Wow. That's cool but what happens to the regular CPU?
[-]
- adrian_b 3 hours ago
  This CPU simulator does not attempt to achieve the maximum speed that could be obtained when simulating a CPU on a GPU.
  For that a completely different approach would be needed, e.g. by implementing something akin to qemu, where each CPU instruction would be translated into a graphic shader program. On many older GPUs, it is impossible or difficult to launch a graphic program from inside a graphic program (instead of from the CPU), but where this is possible one could obtain a CPU emulation that would be many orders of magnitude faster than what is demonstrated here.
  Instead of going for speed, the project demonstrates a simpler self-contained implementation based on the same kind of neural networks used for ML/AI, which might work even on an NPU, not only on a GPU.
  Because it uses inappropriate hardware execution units, the speed is modest and the speed ratios between different kinds of instructions are weird, but nonetheless this is an impressive achievement, i.e. simulating the complete Aarch64 ISA with such means.
  [-]
  - 5o1ecist 2 hours ago
    > where each CPU instruction would be translated into a graphic shader program
    You really think having a shader per CPU-instruction is going to get you closer to the highest possible speed one can achieve?
    [-]
    - koolala 18 minutes ago
      If its bindless and pre-compiled why not? What's a faster way?
artemonster 34 minutes ago
Every clueless person who suggest that we move to GPUs entirely have zero idea how things work and basically are suggesting using lambos to plow fields and tractors to race in nascar
RagnarD 4 hours ago
Being able to perform precise math in an LLM is important, glad to see this.
[-]
- koolala 15 minutes ago
  That would be cool. A way to read cpu assembly bytecode and then think in it.
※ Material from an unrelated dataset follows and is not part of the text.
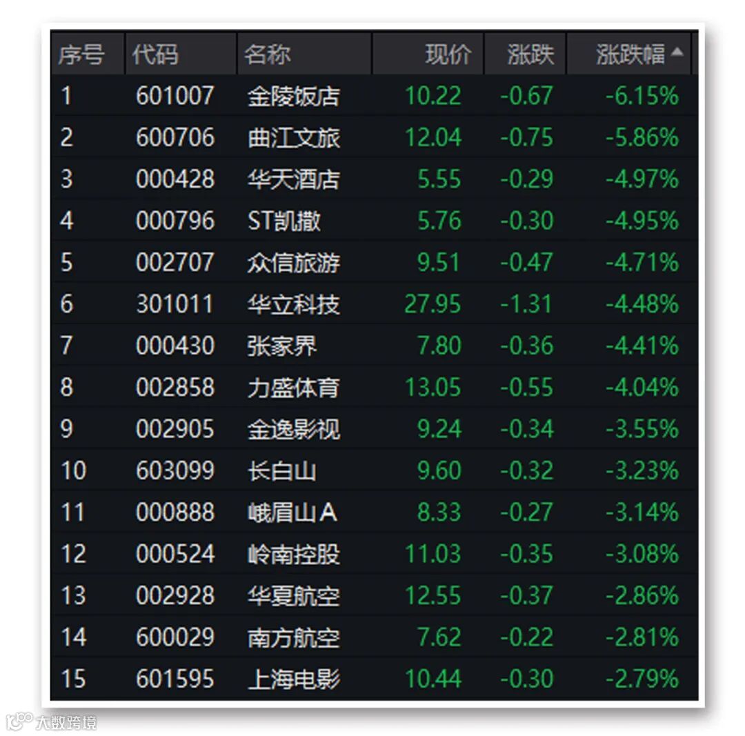 大范围的寒潮天气可能会影响到人们旅游出行的安排,A股旅游出行板块今日大跌,金陵饭店、曲江文旅跌逾5%。

  It's slower than real cpu code obviously but fast just 'thinking' about it. They wouldn't need to actually simulate an entire program in a never ending hot loop like a real program.
- jdjdndnzn 4 hours ago
  Just want to point out this comment is highly ironic.
  This is all a computer does :P
  We need llms to be able to tap that not add the same functionality a layer above and MUCH less efficiently.
  [-]
  - Nuzzerino 4 hours ago
    > We need llms to be able to tap that not add the same functionality a layer above and MUCH less efficiently.
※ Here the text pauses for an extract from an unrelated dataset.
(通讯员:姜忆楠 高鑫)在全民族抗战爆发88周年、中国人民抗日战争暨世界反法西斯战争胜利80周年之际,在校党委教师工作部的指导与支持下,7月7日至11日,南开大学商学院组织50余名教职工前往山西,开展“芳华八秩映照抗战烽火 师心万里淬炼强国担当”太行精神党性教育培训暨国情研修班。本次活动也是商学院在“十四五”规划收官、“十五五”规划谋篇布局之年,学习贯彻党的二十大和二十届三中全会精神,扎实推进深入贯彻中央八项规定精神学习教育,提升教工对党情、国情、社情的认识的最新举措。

    Agents, tool-integrated reasoning, even chain of thought (limited, for some math) can address this.
    [-]
    - RagnarD 2 hours ago
      You're both completely missing the point. It's important that an LLM be able to perform exact arithmetic reliably without a tool call. Of course the underlying hardware does so extremely rapidly, that's not the point.
      [-]
      - jdjdndnzn 40 minutes ago
        The computer ALREADY does do math reliably. You are missing the point.
- 5o1ecist 2 hours ago
  Why?
nicman23 4 hours ago
can i run linux on a nvidia card though?
[-]
- micw 3 hours ago
  Linux runs everywhere
  [-]
  - volemo 41 minutes ago
    Except on my stupid iPad “Pro”. :(
mrlonglong 3 hours ago
Now I've seen it all. Time to die.. (meant humourously)
Surac 4 hours ago
Well GPU are just special purpous CPU.
MadnessASAP 3 hours ago
Ya know just today I was thinking around a way to compile a neural network down to assembly. Matching and replacing neural network structures with their closest machine code equivalent.
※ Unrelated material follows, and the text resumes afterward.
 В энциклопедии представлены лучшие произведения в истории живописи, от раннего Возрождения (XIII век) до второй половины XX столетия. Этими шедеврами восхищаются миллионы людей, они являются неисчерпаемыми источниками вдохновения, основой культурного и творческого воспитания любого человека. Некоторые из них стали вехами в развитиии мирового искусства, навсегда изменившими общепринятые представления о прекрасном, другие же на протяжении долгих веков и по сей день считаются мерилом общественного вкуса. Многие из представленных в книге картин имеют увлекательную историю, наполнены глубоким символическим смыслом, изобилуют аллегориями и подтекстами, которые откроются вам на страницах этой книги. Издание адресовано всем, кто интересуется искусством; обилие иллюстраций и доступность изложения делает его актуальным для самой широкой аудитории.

This is way cooler though! Instead of efficiently running a neural network on a CPU, I can inefficiently run my CPU on neural network! With the work being done to make more powerful GPUs and ASICs I bet in a few years I'll be able to run a 486 at 100MHz(!!) with power consumption just under a megawatt! The mind boggles at the sort of computations this will unlock!
Few more years and I'll even be able to realise the dream of self-hosting ChatGPT on my own neural network simulated CPU!